Basta con analizar la realidad misma de la familia. Es justamente en este espacio de donación donde la sexualidad tiene un papel fundamental. A partir de ella surgen las relaciones que fundan la familia: paternidad, maternidad, filiación y consanguinidad. En este sentido, no es posible pensar esta comunidad humana con prescindencia del binario sexual, hombre y mujer, porque no podemos separar la diferencia sexual de la generación de nuevas personas. Se trata de una relación interdependiente, que tiene, entre muchas otras, una significación tanto procreadora como socializadora. Es decir, no sólo se necesita de un hombre y una mujer para engendrar un hijo, sino que, además, cada uno de ellos cumple una función específica, distinta y complementaria, en la educación de los niños.
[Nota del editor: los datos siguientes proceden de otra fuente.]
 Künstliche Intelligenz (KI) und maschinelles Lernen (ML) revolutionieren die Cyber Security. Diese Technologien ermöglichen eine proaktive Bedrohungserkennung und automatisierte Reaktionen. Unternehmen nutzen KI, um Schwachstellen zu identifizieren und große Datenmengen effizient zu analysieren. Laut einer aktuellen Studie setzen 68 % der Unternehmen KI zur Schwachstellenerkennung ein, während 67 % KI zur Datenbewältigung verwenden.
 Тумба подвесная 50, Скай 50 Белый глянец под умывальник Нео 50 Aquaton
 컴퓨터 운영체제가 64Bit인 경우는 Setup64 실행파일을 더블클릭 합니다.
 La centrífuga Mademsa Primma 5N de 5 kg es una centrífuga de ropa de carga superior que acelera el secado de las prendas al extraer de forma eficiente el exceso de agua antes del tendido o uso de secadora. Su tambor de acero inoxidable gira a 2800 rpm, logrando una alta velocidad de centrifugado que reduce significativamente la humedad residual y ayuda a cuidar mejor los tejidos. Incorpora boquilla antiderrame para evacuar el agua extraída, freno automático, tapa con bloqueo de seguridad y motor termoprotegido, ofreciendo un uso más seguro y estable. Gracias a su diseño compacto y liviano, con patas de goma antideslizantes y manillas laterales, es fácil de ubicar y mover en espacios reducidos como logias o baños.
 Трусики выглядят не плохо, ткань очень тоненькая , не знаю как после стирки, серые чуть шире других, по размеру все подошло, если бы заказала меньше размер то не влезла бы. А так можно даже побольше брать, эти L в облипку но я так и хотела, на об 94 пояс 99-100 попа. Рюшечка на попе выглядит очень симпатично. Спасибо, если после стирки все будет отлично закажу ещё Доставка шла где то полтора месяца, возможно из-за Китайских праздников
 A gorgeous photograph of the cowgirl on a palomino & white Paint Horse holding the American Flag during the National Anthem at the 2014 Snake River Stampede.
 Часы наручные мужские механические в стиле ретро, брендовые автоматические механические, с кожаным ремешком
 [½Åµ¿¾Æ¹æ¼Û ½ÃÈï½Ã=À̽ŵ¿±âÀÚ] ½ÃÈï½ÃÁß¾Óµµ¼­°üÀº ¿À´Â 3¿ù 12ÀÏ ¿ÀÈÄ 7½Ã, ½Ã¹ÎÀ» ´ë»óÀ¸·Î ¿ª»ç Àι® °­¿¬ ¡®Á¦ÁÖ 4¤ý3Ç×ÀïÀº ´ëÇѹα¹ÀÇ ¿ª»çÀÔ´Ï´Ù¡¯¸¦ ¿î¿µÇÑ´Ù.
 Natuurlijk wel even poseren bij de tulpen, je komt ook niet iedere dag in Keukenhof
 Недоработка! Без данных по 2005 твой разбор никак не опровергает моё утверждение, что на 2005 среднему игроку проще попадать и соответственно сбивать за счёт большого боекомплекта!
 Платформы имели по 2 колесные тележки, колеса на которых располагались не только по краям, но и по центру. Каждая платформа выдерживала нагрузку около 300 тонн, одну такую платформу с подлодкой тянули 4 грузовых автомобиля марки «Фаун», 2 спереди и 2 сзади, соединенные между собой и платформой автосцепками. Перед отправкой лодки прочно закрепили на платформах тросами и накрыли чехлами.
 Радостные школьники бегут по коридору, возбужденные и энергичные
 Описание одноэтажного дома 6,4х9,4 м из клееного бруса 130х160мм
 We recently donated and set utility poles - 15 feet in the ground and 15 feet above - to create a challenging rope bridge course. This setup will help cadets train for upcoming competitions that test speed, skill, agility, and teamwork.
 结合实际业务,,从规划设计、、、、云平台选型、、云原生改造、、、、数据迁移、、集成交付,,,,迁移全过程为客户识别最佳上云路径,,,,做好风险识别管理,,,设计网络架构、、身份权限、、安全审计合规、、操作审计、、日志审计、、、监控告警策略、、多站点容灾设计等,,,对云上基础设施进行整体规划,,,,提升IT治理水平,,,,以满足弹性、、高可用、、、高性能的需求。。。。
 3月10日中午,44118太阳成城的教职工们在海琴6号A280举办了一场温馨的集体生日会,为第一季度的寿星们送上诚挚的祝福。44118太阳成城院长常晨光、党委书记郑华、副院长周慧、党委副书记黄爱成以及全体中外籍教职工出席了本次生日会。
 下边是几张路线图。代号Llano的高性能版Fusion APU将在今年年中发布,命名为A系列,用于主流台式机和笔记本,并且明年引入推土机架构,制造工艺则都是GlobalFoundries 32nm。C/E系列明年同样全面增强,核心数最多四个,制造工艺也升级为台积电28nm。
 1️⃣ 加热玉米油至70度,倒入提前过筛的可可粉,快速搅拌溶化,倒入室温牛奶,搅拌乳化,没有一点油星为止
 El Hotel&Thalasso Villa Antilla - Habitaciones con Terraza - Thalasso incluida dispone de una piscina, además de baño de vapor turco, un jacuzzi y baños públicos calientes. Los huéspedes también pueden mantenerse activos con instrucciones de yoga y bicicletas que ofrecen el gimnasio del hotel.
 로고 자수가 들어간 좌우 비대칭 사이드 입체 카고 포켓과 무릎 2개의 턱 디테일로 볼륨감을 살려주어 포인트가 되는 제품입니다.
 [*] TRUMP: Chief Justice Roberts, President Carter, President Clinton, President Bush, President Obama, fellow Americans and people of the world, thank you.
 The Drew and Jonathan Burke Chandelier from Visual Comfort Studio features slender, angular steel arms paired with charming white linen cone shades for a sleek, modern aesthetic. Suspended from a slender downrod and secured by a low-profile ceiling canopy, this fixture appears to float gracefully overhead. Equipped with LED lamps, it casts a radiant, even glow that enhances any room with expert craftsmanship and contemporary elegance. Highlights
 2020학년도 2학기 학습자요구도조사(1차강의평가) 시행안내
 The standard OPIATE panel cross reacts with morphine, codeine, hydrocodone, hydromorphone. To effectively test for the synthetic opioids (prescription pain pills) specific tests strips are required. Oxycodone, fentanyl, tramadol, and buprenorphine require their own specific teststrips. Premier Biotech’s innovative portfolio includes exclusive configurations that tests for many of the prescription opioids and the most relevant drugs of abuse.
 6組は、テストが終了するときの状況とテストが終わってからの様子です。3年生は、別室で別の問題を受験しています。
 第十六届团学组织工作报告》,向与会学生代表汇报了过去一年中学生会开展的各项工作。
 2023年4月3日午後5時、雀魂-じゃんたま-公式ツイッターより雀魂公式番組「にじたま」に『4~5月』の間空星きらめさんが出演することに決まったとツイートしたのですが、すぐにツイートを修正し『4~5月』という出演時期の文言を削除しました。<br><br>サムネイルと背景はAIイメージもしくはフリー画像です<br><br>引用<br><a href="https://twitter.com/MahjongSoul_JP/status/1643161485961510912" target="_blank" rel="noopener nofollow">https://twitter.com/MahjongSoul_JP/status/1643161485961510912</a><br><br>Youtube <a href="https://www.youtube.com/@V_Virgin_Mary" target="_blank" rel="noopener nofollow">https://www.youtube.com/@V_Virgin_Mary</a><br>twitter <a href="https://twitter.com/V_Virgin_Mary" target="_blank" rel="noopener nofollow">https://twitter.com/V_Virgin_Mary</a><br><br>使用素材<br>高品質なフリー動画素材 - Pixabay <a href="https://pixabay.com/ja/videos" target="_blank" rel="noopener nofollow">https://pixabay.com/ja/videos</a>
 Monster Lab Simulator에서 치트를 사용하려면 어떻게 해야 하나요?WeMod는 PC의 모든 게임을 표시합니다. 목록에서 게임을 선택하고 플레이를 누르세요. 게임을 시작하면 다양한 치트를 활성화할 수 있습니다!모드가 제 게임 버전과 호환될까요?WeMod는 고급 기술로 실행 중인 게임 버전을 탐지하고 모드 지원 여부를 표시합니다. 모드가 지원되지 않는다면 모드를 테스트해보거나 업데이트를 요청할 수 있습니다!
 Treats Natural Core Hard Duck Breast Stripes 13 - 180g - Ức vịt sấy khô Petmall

En efecto, los cuidados paternos y maternos son similares en una gran variedad de aspectos, de manera que cualquiera de ellos pueda proveer un ambiente de seguridad básico en caso de que alguno de ellos faltase. Pero también hay diferencias patentes e irremplazables en los modos de interacción de padres y madres respecto a sus hijos, en las distintas etapas de su vida, y dependiendo de su sexo, vale decir, si son niños o niñas. Estos estilos se complementan de manera que proveen oportunidades únicas de aprender distintos tipos de habilidades cognitivas, lingüísticas y emocionales que influyen en el desarrollo intelectual y social de un niño. En este sentido, la alteridad sexual de sus progenitores adquiere particular importancia en el ámbito de la identidad sexual: a partir de sus primeros años, el niño comienza a mostrar la necesidad de entender y dar sentido a su corporeidad sexuada, y respecto a esto la relación con la figura paterna y materna adquiere gran relevancia.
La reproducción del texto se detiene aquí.